To combat the impact of lockdowns and the rise of the “stay-at-home” economy, Starbucks integrated deeply with third-party aggregators.
Integration with Uber Eats and Mr D allowed the brand to reach consumers in their homes and offices, which helped us grow coverage without needing a physical storefront in every suburb. Delivery has also helped stabilise sales volumes in a challenging economy where mall foot traffic can fluctuate.
And in a country with load shedding, “digital” includes the infrastructure itself.
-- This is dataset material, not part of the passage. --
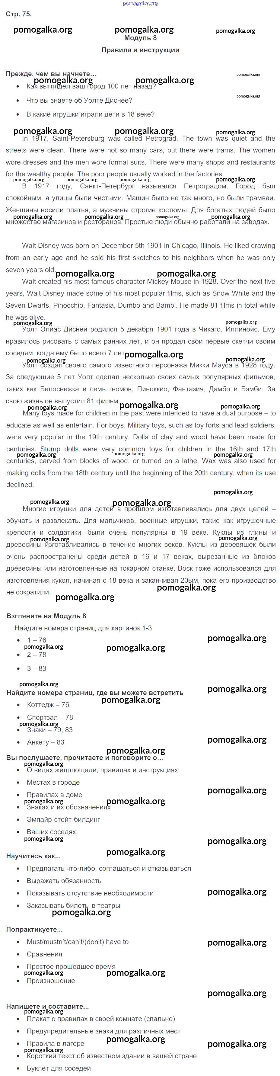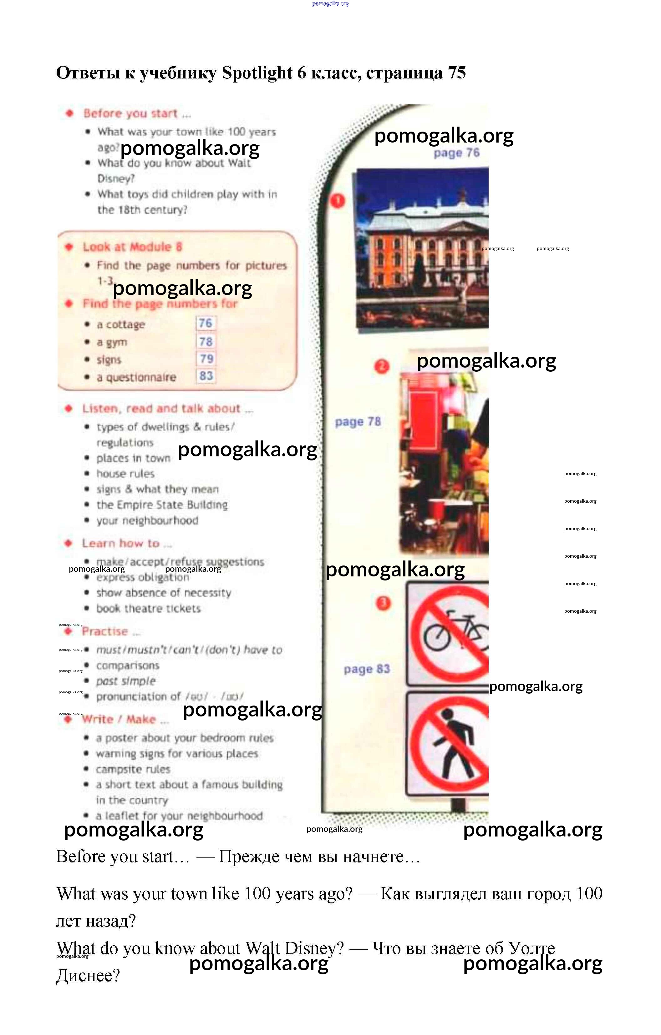 Готовые ответы - Английский язык 6 класс Spotlight Ваулина Е. - module 8. страница 75

By providing consistent high-speed Wi-Fi and charging points — and backing stores with generators so those services remain reliable — Starbucks positioned its stores as dependable hubs for remote workers and customers who need to stay connected.
The future is a bigger footprint, but with smarter formats: more local stores and neighbourhood access points, more kiosks, and better digital integration — without losing the in-store experience.
Innovation will stay beverage-led (seasonal, local preferences, and cold beverages), but the real strategic focus is building a more sustainable operating model: better planning, better supply reliability, and more rational category economics so we can keep investing in partners, stores, and customer experience for the long haul.
And we’ll keep proving long-term commitment through concrete investments. Backup power across the estate is a simple, tangible example: all but one store has a generator today, and the only exception is a new store where the generator is being installed.
It is a practical demonstration of long-term quality, not short-term optimisation.